In the current report we presented a 64-year-old HCV-infected patient who was a previous treatment relapser with IL28B minor genotype. Despite 8-week treatment of simeprevir with PEG-IFN α-2a plus ribavirin, she achieved SVR at 24 weeks after the end of treatment, providing support for the strong effects of simeprevir on HCV replication [6]. Our case also points out the possibility of the combination of simeprevir with PEG-IFN α-2a plus ribavirin leading to liver injury without hyperbilirubinemia, as liver dysfunction improved immediately after stopping this treatment and other causes were excluded, despite there being no overt signs of drug-induced injury, such as eosinophilia. According to the patient's decision, we did not perform a liver biopsy.

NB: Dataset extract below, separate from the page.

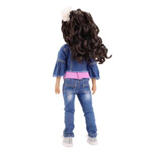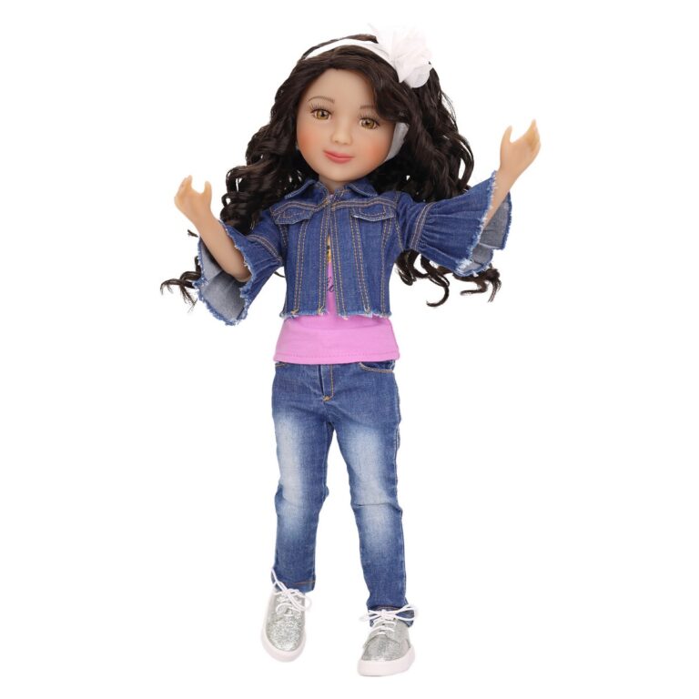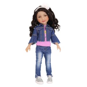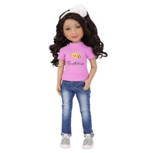 Bambola Kayla Ruby Red Fashion Friends - Kayla punta a fare sempre del suo meglio. È sempre in movimento e pratica un' infinità di attività sportive. Dal calcio al tennis alla ginnastica e fa tutto con grinta e stile puntando sempre al gradino più alto del podio. Kayla ha lunghi capelli castani ricci e una fascia a fiori bianchi. Indossa la sua maglietta "Be Confident", una giacca di jeans con maniche a volant molto elegante, jeans con lavaggio invecchiato e scarpe da ginnastica scintillanti d'argento. Bambola alta circa 37 cm con 9 articolazioni, corpo in vinile di alta qualità. Età: 6+

During the treatment of PEG-IFN α-2a plus ribavirin, despite HCV RNA negativity, a transient elevation in ALT levels was observed, although the ALT levels were <200 IU/l in most reports [9]. Acute exacerbation with elevation of ALT levels was occasionally observed during the course of chronic hepatitis C, but these were improved in most cases if SVR was achieved by antiviral treatment. It is also known that HCV is a rare cause of acute liver failure [10].

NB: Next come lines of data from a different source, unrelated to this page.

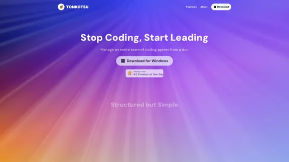 Mots-clés : Tonkotsu, agent de programmation, gestion d'équipe, gestion de documents, interface claire, essai gratuit, accès anticipé, outils de programmation, gestion de logiciels, interface utilisateur
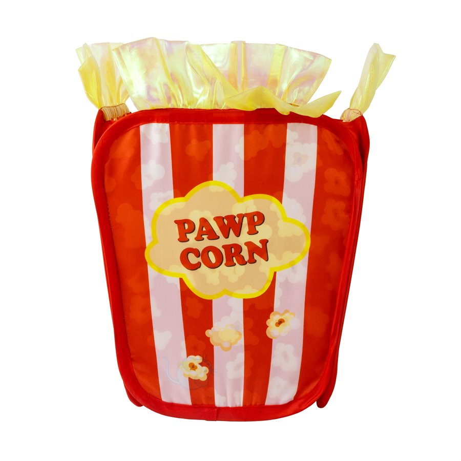 - KONG Play Spaces Pawpcorn is the perfect hideout for scary movie nights! This pop-up Pawpcorn carton provides a den-like space for instinctual hide & seek fun. A top opening lined with popcorn ruffles and dangling crinkly kernel invites biting and batting, while a peek-a-boo window offers blockbuster viewing from the comfort of the bucket. Use upright or on its side. Folds down easily for compact storage.
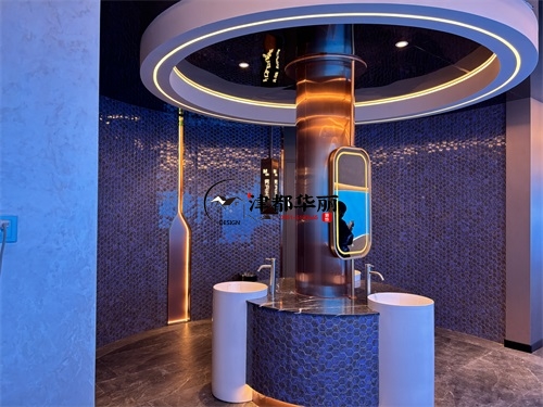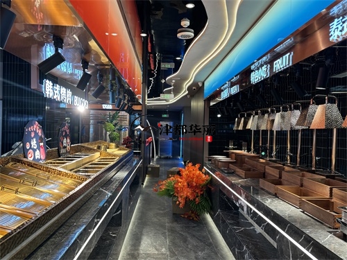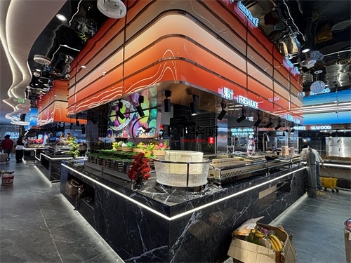 今天分享的是銀川回香漁自助餐廳裝修設計實景,這家自助餐廳裝修設計將“潮流科技感”與“輕奢休閑風”兩種風格巧妙融合在一起,既貼合當下年輕消費群體的審美偏好,又通過空間層次的營造兼顧了自助餐飲的功能需求,是近年餐飲空間設計的典型流行范式。前廳的頂面與墻面采用波浪形的曲面造型,搭配橙紅、寶藍等高飽和度漸變色彩,疊加內嵌式線性燈帶的勾勒,既打破了傳統餐廳的規整感,又通過科技感的光影營造出“賽博休閑”的氛圍——這種手法既借鑒了網紅餐飲的“打卡屬性”設計,又通過色彩分區(如橙紅對應熱菜區、寶藍對應海鮮區)實現了功能引導,讓顧客能快速識別餐區類型。

In Japan, the HCV NS3/4A inhibitor telaprevir with PEG-IFN α-2b plus ribavirin was approved in 2011 and in 2014 for HCV genotype 1 and 2 infection, respectively. Despite adverse events including dermatological side effects, telaprevir improved SVR rates in HCV-infected patients. One of the second-wave first-generation HCV NS3/4A inhibitors, simeprevir, together with PEG-IFN plus ribavirin, was also approved in 2013 for HCV genotype 1 infection in Japan. Compared to telaprevir, the adverse events of simeprevir with PEG-IFN plus ribavirin have become less. It has been reported that they are fairly similar to those of PEG-IFN plus ribavirin therapy, although hyperbilirubinemia without ALT elevation is occasionally observed.

In general, a mild, isolated and reversible increase in serum bilirubin was reported in patients treated with simeprevir, and bilirubin returned to baseline levels promptly after patients had completed the simeprevir regimen [6]. Hyperbilirubinemia was pronounced with simeprevir 150 mg daily [6], although we used simeprevir 100 mg daily in Japan. Fried et al. [6] reported that there were no concomitant increases in serum ALT or alkaline phosphatase associated with bilirubin elevations in the PILLAR study.

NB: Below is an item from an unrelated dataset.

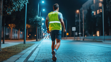 A person wearing a reflective vest while jogging at night, ensuring visibility and safety
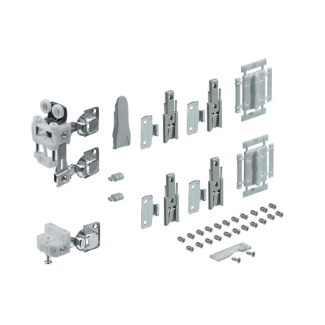 - Menteşe setinde, 1 adet 2 kanatlı katlanır sürgü kapak için gereken tüm parçalar bulunmaktadır

In the present report, despite a strong antiviral effect of simeprevir, we observed liver injury during the simeprevir with PEG-IFN α-2a plus ribavirin treatment, supporting a previous report that simeprevir may cause liver injury in patients with cirrhosis, leading to hepatic decompensation [8]. In our case, drug-induced liver injury caused by PEG-IFN α-2a could not be completely ruled out, although the previous use of PEG-IFN α-2b had not caused liver injury.

In conclusion, to avoid serious results from adverse events, careful attention and follow-up are necessary in the clinical use of protease inhibitors for HCV-infected patients, and especially for those with advanced hepatic fibrosis. Until newer, safer, direct-acting antivirals against HCV, including HCV NS3/4A inhibitors, are introduced, we need to pay strict attention to these matters in the use of direct-acting antivirals against HCV.

Disclosure Statement

Tatsuo Kanda received lecture fees from Chugai Pharmaceutical, MSD, Tanabe-Mitsubishi, Ajinomoto, Bristol-Myers Squibb, Daiichi-Sankyo, Janssen Pharmaceutical and GlaxoSmithKline. Makoto Arai received lecture fees from Chugai Pharmaceutical, Eisai, AstraZeneca, Daiichi Sankyo and Tsumura. Osamu Yokosuka received grant support from Chugai Pharmaceutical, Bayer, MSD, Daiichi-Sankyo, Tanabe-Mitsubishi, Bristol-Myers Squibb, Taiho Pharmaceutical and Gilead Sciences. The other authors declare that they have no conflict of interests regarding the publication of this paper.